Similarly, if a three-square sum has a first base of 24
then the second base must be ≥ √((1120 − 24^{2})/2) ≈ 16.5
and the clue-word must batch Q[YFNUEMSQ]_D,
of which only QU_D is a possibility.
That gives 1120 − 24^{2} − 20^{2} = 144 = 12^{2}
and 12 is A, so the clue-word for 1120 could be QUAD.
In fact, it has to be, because
any further calculations would only find three-sums with a smaller first base,
or four-sums.

For completeness, we should see whether 2011 has a four-square sum
that produces a more thematically appropriate word than QUAD.

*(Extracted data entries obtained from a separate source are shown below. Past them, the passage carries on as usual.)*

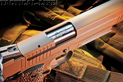 The Scorpion is a full-size pistol that uses the familiar Browning swinging link, locked-breech design. Sig Sauer makes all major parts in its New Hampshire facility and only a couple of parts are imported. The stainless steel slide and stainless frame are forged and finished with Cerakote—a ceramic-like finish made by NIC Industries that requires no special care to preserve.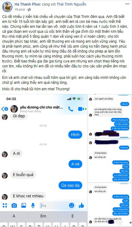 Bên việc lên tiếng bênh vực cho cô em gái Thái Trinh, nhà văn Hà Thanh Phúc cũng chụp lại đoạn nói chuyện giữa cả hai. Có thể thấy Thái Trinh vẫn còn khá đau khổ sau khi chia tay Quang Đăng.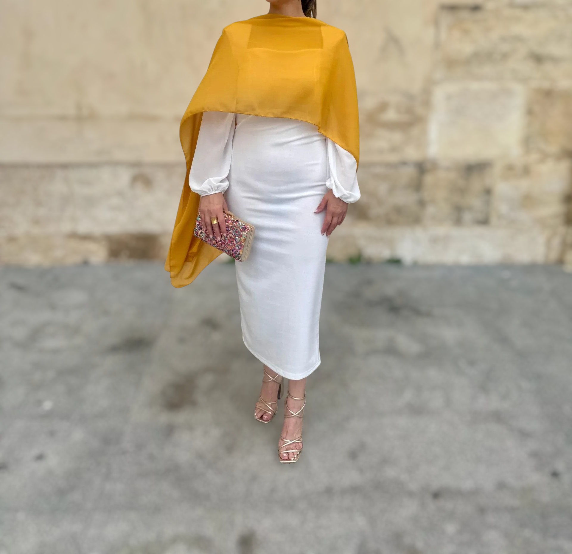 Ideal como complemento de invitada, de fiesta o para ocasiones especiales, la Capa Ada es sinónimo de estilo sofisticado, movimiento y una elegancia atemporal.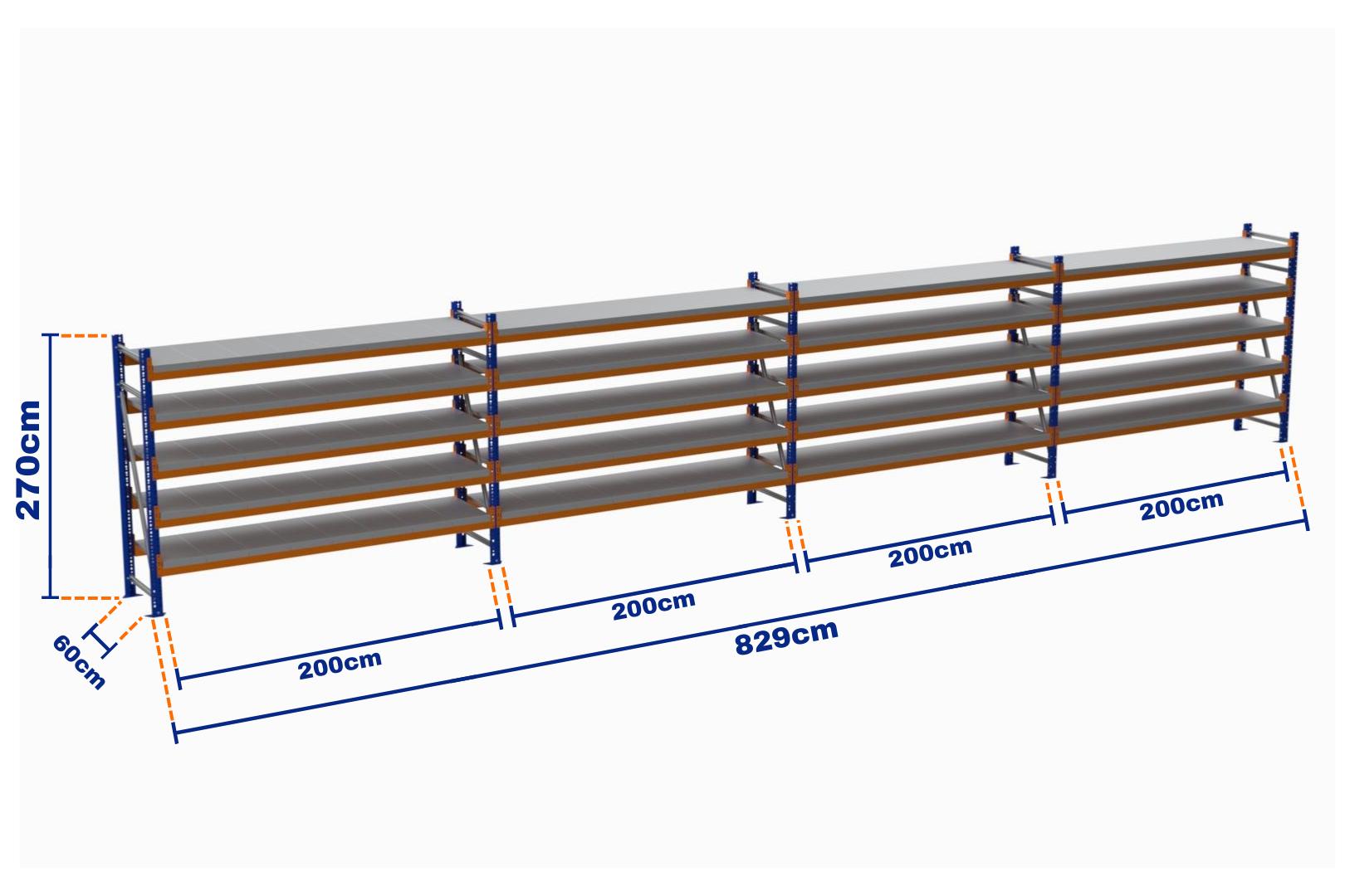 Minirack, Boyalı, 500kg, Yükseklik 2700mm, Genişlik 8290mm, 5 Kat, Kat Arası 595mm, Tavalı, Derinlik 600mm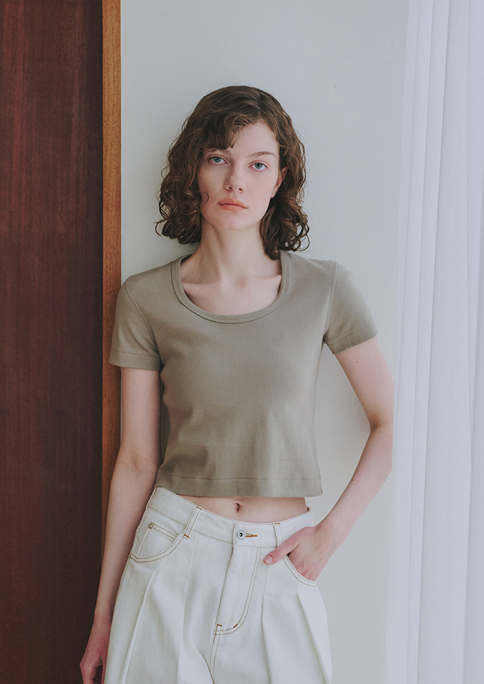 「昨年の発売後すぐに完売してしまったクロップド丈も、新色を追加して再入荷。ボリュームの出るボトムとも好バランスです。ハイウエストのボトムなら肌が隠れる絶妙なレングス。ネックや袖はベーシックタイプのフィットそのままに、ボディラインはコンシャスになりすぎないややボクシーなシルエットです」。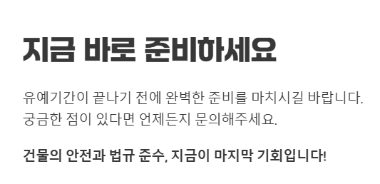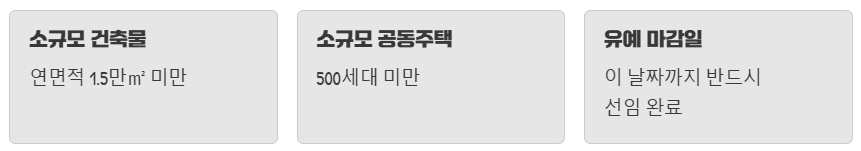 가장 최근에 많은 분들이 혼동하셨던 부분은 바로 소규모 건축물에 대한 유예기간이었을 거예요.

The bases would have to be spread around √(2011/4) ≈ 22.4,
so the first would be one of {S, Q, V}.
For V, the next base would be the first for a three-square sum to
2011 − 25^{2} = 1386,
whose bases are spread around √(1386/3) ≈ 21.5,
ie one of {M, S, Q, V},
but there are no four-letter words starting with VM, VS, VQ or VV.
For Q, the bases of the remainder would be spread around
√((2011 − 24^{2})/3) ≈ 21.9,
so the largest would be one of {M, S, Q},
but there are no four-letter words starting with QM, QS or QQ.
Finally, for S, the bases of the remainder would be spread around
√((2011 − 23^{2})/3) ≈ 22.2,
so the largest could only be S,
but there are no four-letter words starting with SS.